### [The task]
Track down every line below that holds "Boulanger" and copy it.

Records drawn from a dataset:
+---+

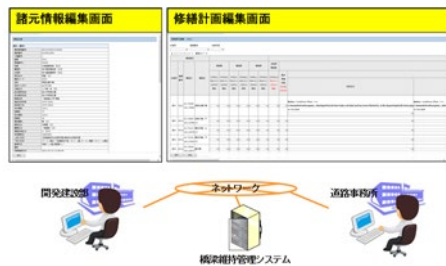
図 2.2 情報共有イメージ

事務所で作成した竣工図書や新設・補修・維持工事等の情報を使用しての本部での維持管理計画への活用や本部で作成した計画・設計を事務所で実施する補修工事でそれぞれ活用することを可能とした。
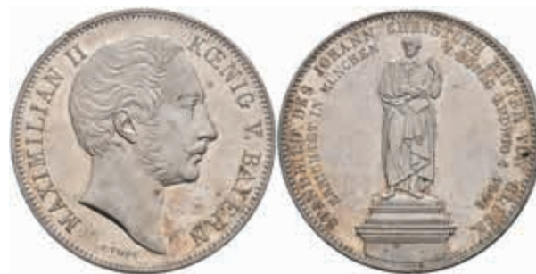
455 Geschichtsdoppeltaler, 1848, Maximilian II., Standbild von Johann Christoph Ritter von Gluck, AKS 164, J. 87, kl. Kratzer und wz. Rf., vz-st. 1000,—
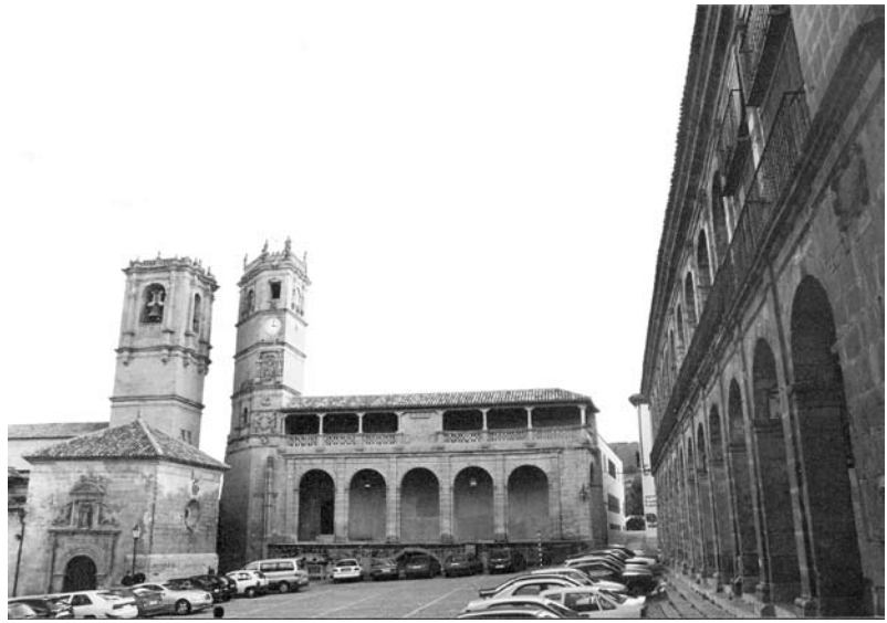
Plaza Mayor de Alcaraz

En esas arrugas de decadencia Alcaraz nos
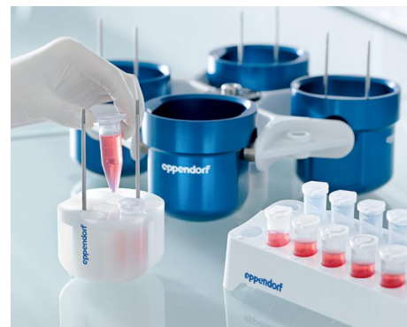
Adaptateurs optimisés pour les rotors libres existants
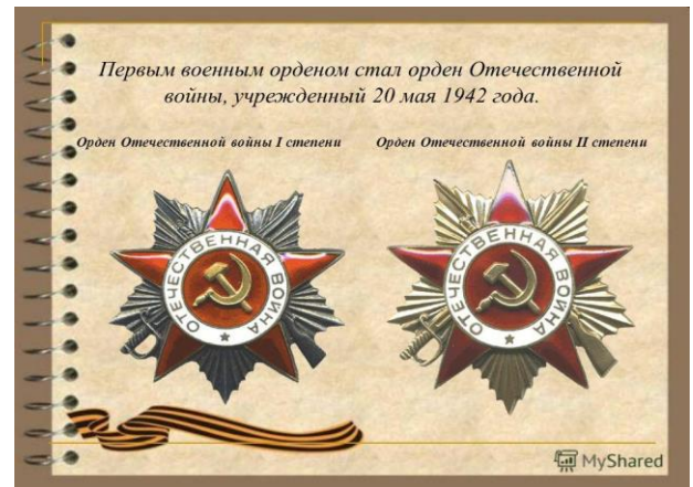
80 лет назад учрежден орден Отечественной войны I и II степеней (1942).
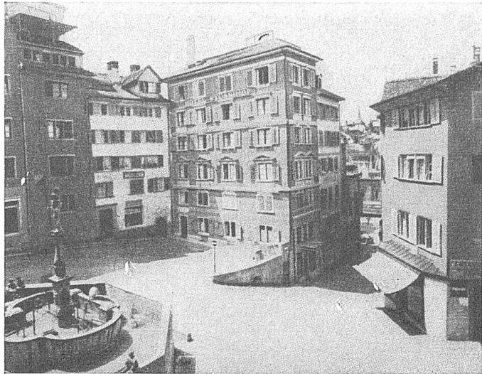
Stüssihofstatt Zürich: Alter Zustand

Die Abbildungen stammen aus dem Buch «Die Sanierung der Altsiedle» von Nationalrat Ernst Reinhard. (Polygraphischer Verlag AG., Zürich)
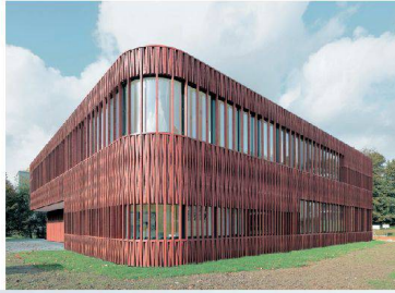
✓38_ Schulhaus Büttenen.
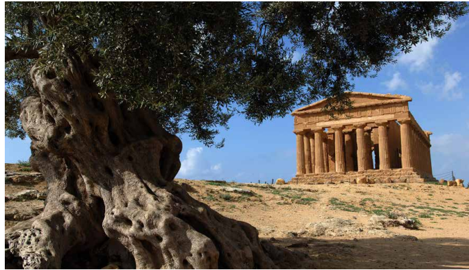
Tempel in Agrigent
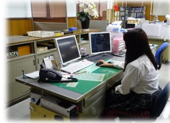
事務業務での 伝票入力作業
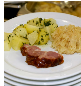
Mittagessen aus der Küche des Seniorenzentrums. Früchteteller als Zwischenverpflegung.
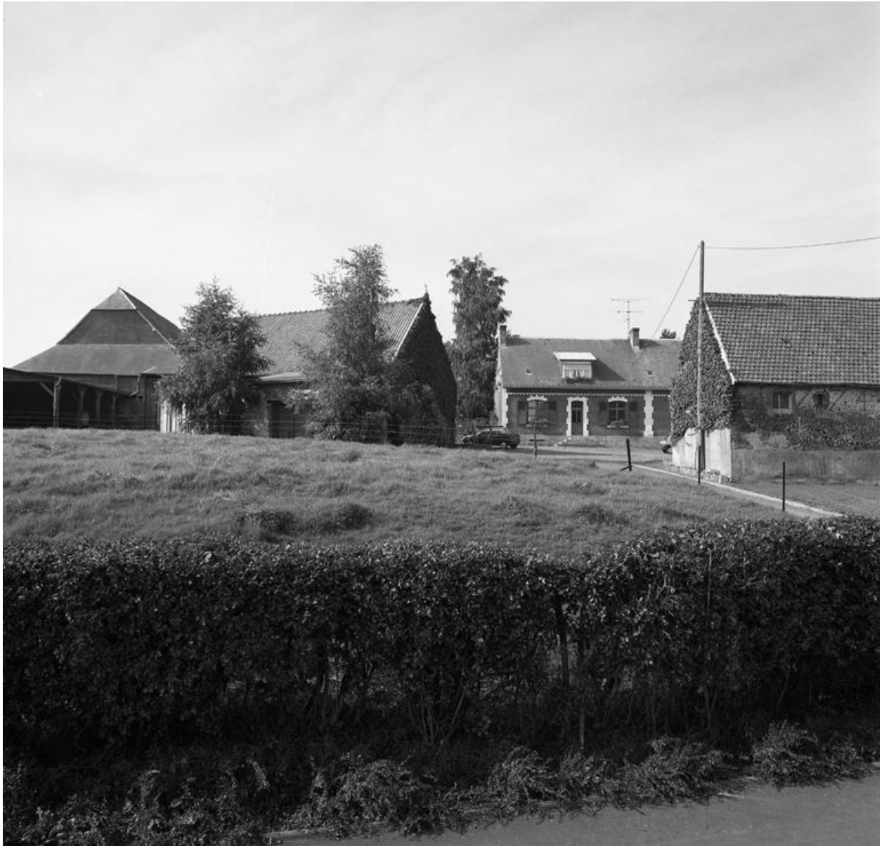
La Neuville-lès-Dorengt. Ferme (étudiée), 6 rue d'Etreux.
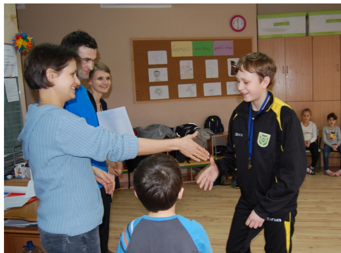
Pani Dyrektorka w swoim żywiole – w pracy z młodzieżą, tu podczas ferii w szkole, fot. arch. red.

Moja praca jest bardzo ciekawa, polega na organizacji całego życia szkoły.
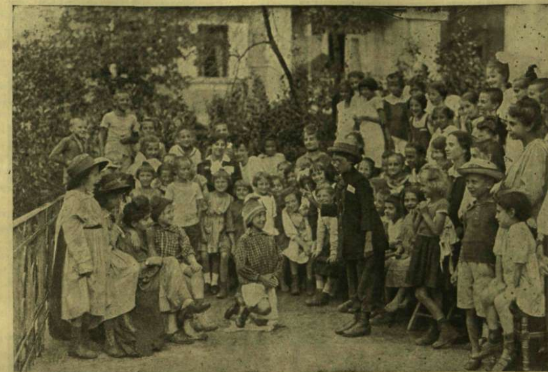
ABBÁZIÁBAN NYARALÓ MAGYAR GYERMEKEK SZÍNHÁZAT JÁTSZANAK.
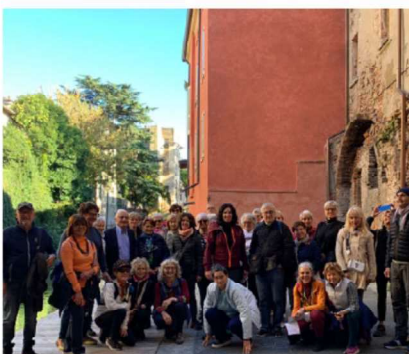
31 OTTOBRE - PER PONTI, PORTI E PORTONI... XX GIORNATA NAZIONALE DEL TREKKING URBANO
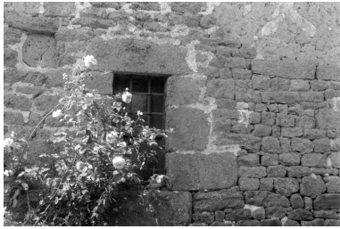
Détail d'une fenêtre
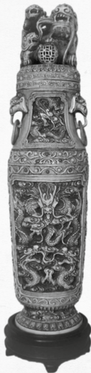
Vase en ivoire Fin du XVII e siècle

Vase de 36 cm orné de dragons. On ignore sa véritable fonction.
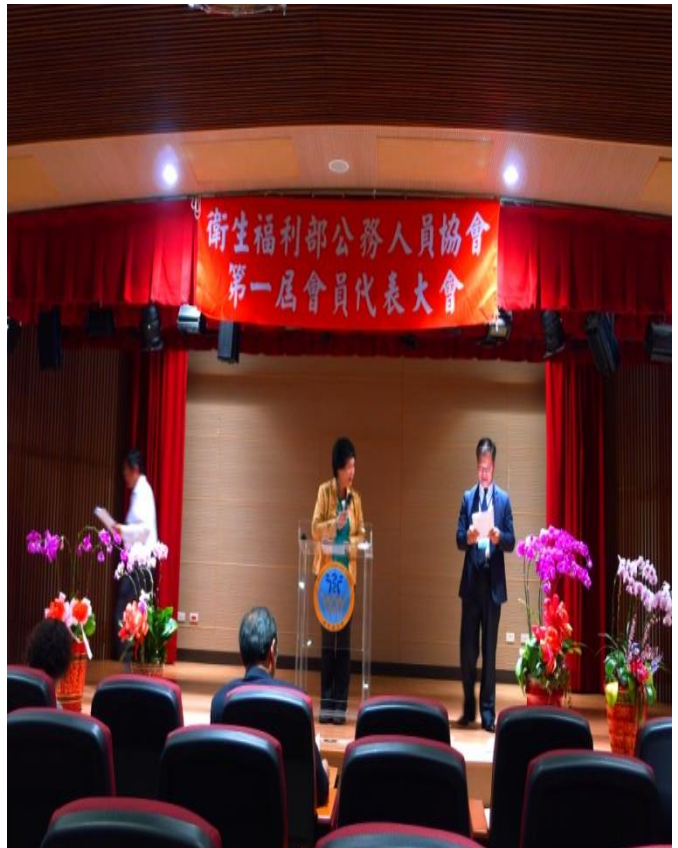
監事主席監察報告
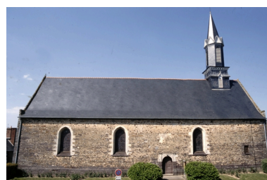
Elévation sud : vue générale. IVR53_19943502493ZA
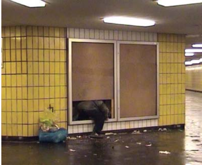
Etienne Boulanger, Plug-in shelter, Berlin, 2002 Intervention en milieu urbain

La cabane/abri comme objet de travail artistique : land-art (Nils Udo), art contemporain (Etienne Boulanger)
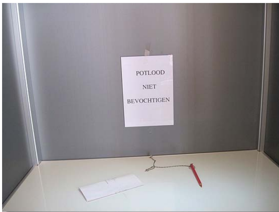
Kon men zijn stem uitbrengen.
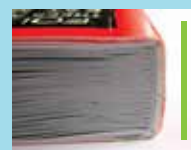
Collage sur le dos

La thermo-relieuse est conçue pour réaliser la reliure thermique des livres en appliquant la colle à dos et latéralement avec deux bacs de colle thermo fusible. La machine dispose d'un afficheur intelligent pour afficher les différents réglages et états de format A4.
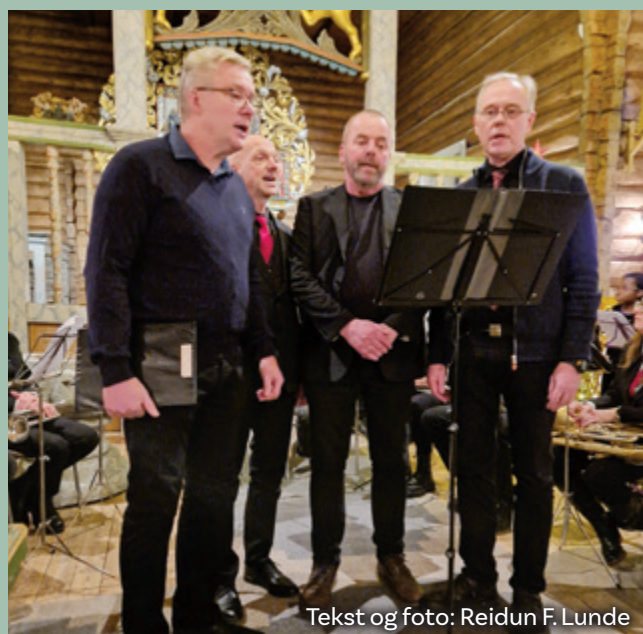
Tekst og foto: Reidun F. Lunde
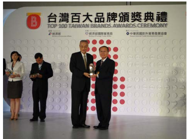
由行政院 吳敦義院長頒發台灣百大品牌獎座
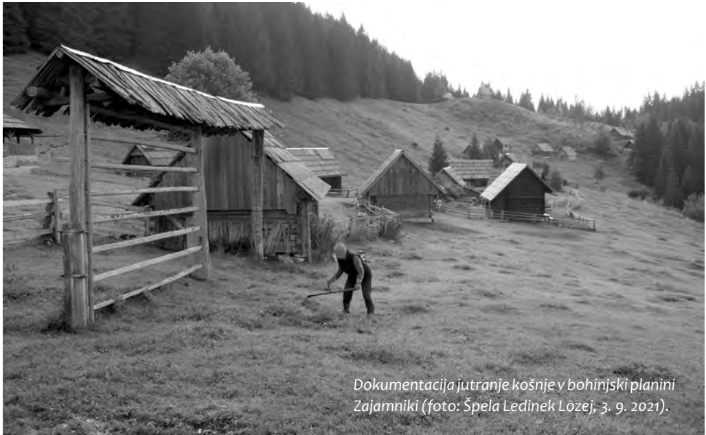
Dokumentacija jutranje košnje v bohinski planini Zajamniki.
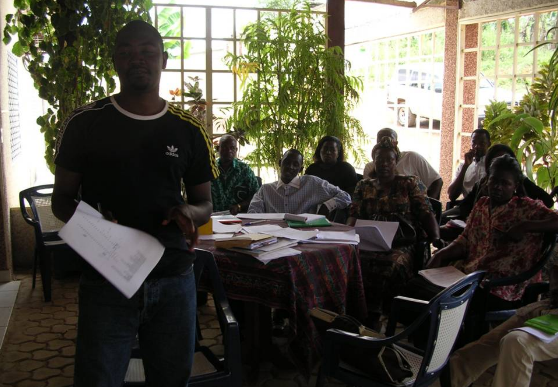
Résultats des travaux de groupes
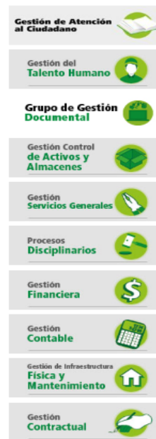
Foto estructura organizacional Subgerencia Administrativa y Financiera – Grupo de Instrucción Disciplinaria página WEB ICA
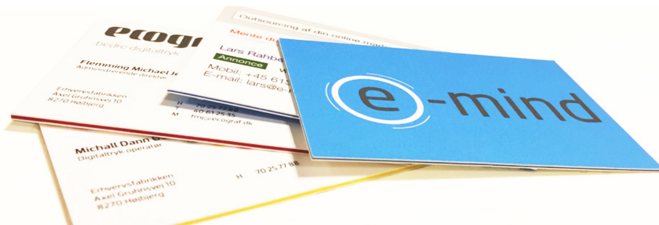
Visitkort trykt på MultiLoft - et helt særligt 3-lags papir med farvet kerne

I denne quick guide tager vi en tur rundt i visitkortets verden og ser lidt på nogle af de vigtigste elementer for at skabe et professionelt visitkort.
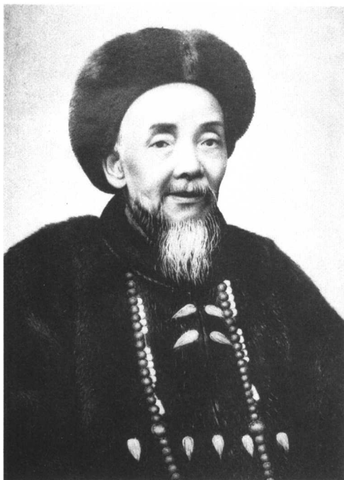
陈伯陶（1855—1930），广东东莞人，参与筹办暨南学堂的清朝江宁提学使。暨南学堂校名由他拟定。“暨南”二字源自《尚书·禹贡》：“东渐于海，西被于流沙，朔南暨，声教讫于四海。”意思是将中华文化传播到五洲四海。
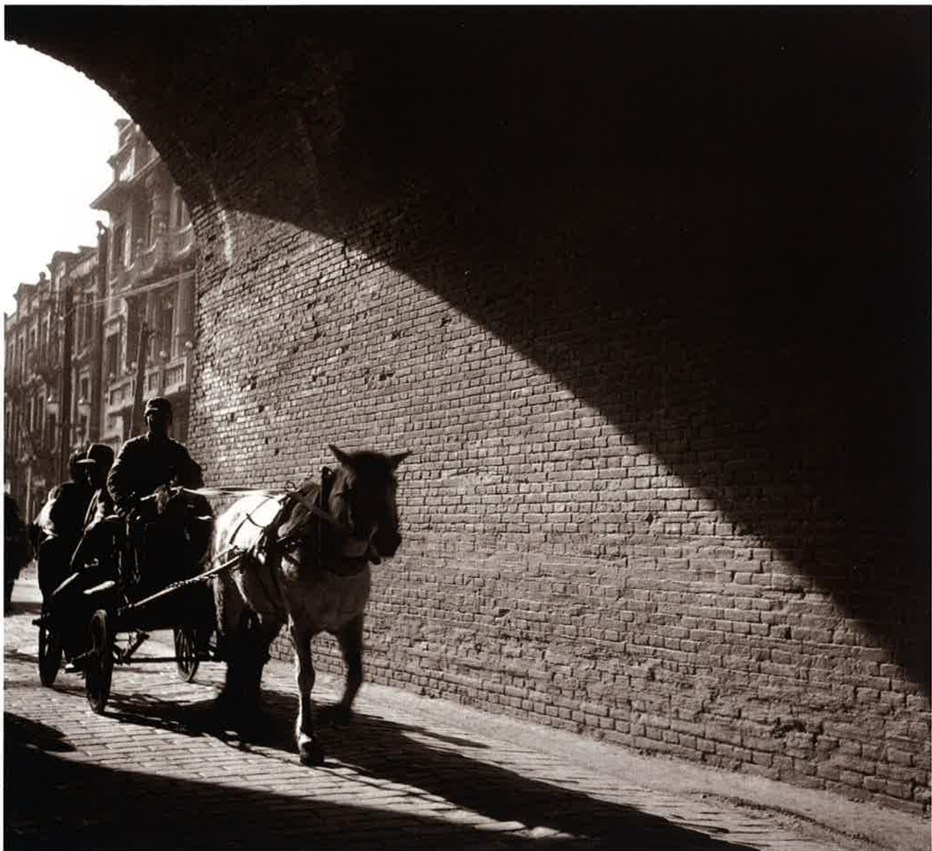
3 斜陽 新京(長春)(Changchung)
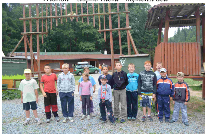
Mladí hasiči na tábore v Nejdku
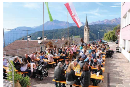
Bei herrlichem Wetter, genossen die Besucher die Mittagsstunden auf dem Fest

In diesem Sinne gilt ein Dank, an die Gemeindeverwaltung von Laurein,
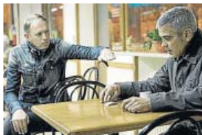
'El americano' LA SEXTA. 22.30 H

Jack (George Clooney) es un asesino a sueldo. Tras un problema en un trabajo en Suecia, se refugia en un pueblo italiano para realizar una última misión para una mujer. Después se retirará. Allí traba amistad con el cura del pueblo (Paolo Bonacelli).
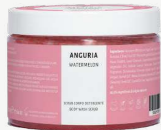
Size: 500 g
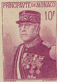
10 F LILAS ROSE
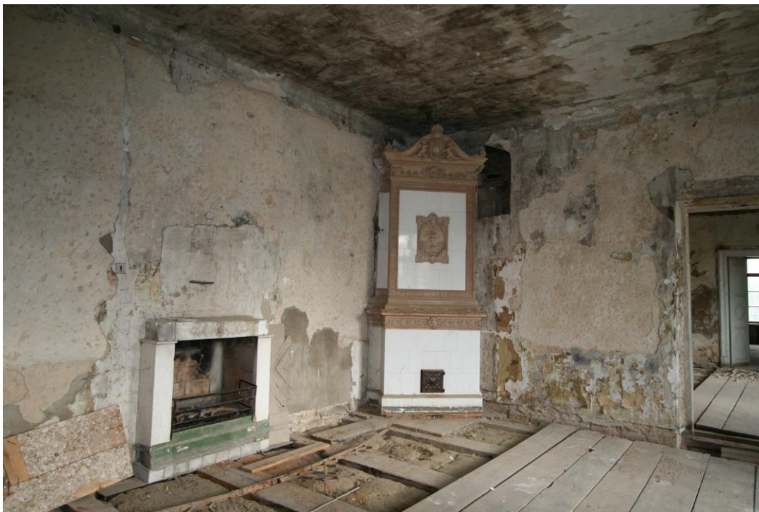
- 2.korruse säilinud rokokoostilis ahi

Ahjudest on säilinud üks rokokoostili meenutav ahi. Vanimad ahjud on lammutatud juba aastaks 1956 nii esimeselt kui teiselt korruselt.
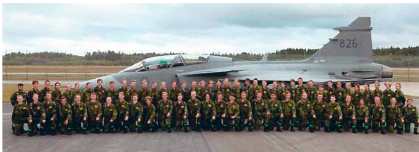
Hela kursen samlad
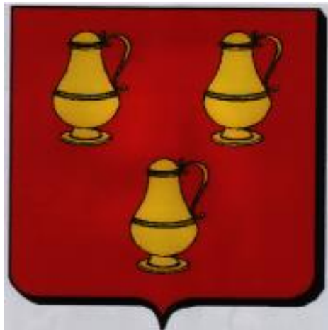
"In de vergulde Kan" (?)
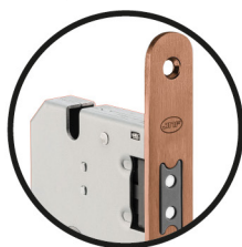
.TCO TITANIUM COPPER
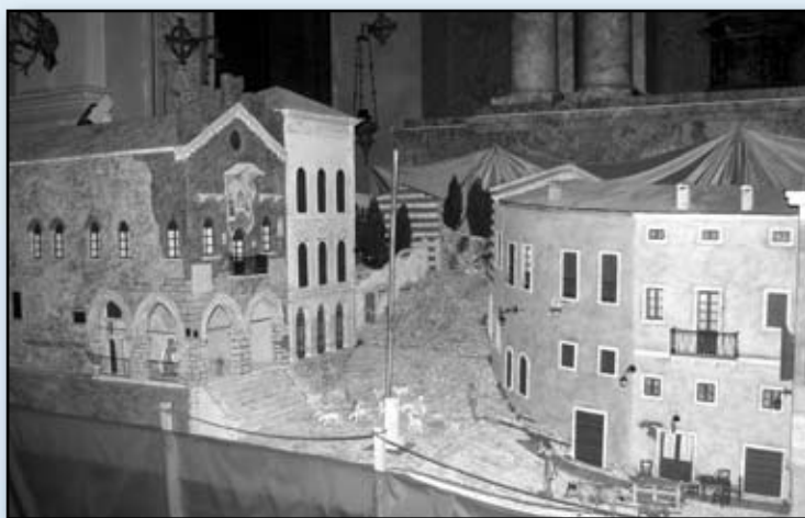
Il presepe nella chiesa parrocchiale

Puntuali si è partiti poi con le esibizioni. Quest'anno un inizio inedito: una sigla che i giovani talenti della Ginnastica Artistica Est Veronese e della Soave Dance Studio hanno proposto rispondendo con puntualità all'appello dell'Assessore allo Sport e Associazioni di iniziare con “un numero” particolare.
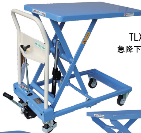
TLX-H250-85 急降下防止バルブ付
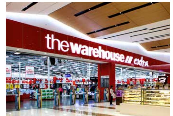
Sylvia Park区The Warehouse商场
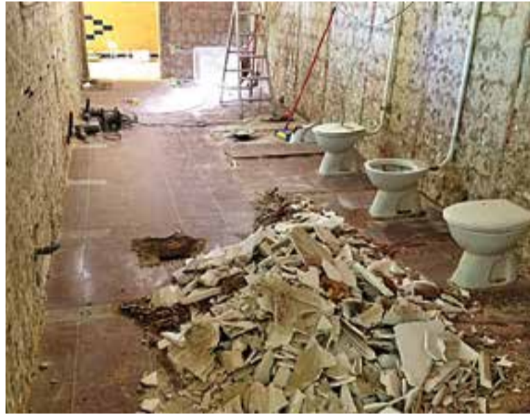
© Les obres als lavabos de l'escola Emili Carles-Tolrà ja han començat. || AJ. CASTELLAR

El pressupost per a aquestes actuacions és de 110.300 euros, que es finançaran a través d'una subvenció de la Diputació de Barcelona. L'empresa encarregada de fer les obres és la castellarenca Senecast, SL. A banda d'aquestes obres, durant aquest estiu es realitzaran també alguns treballs de manteniment a altres centres escolars de la vila, com ara feines de pintura i d'arranjament de desperfectes. +

+---+

### [Completed exercise]
Etienne Boulanger, Plug-in shelter, Berlin, 2002 Intervention en milieu urbain
La cabane/abri comme objet de travail artistique : land-art (Nils Udo), art contemporain (Etienne Boulanger)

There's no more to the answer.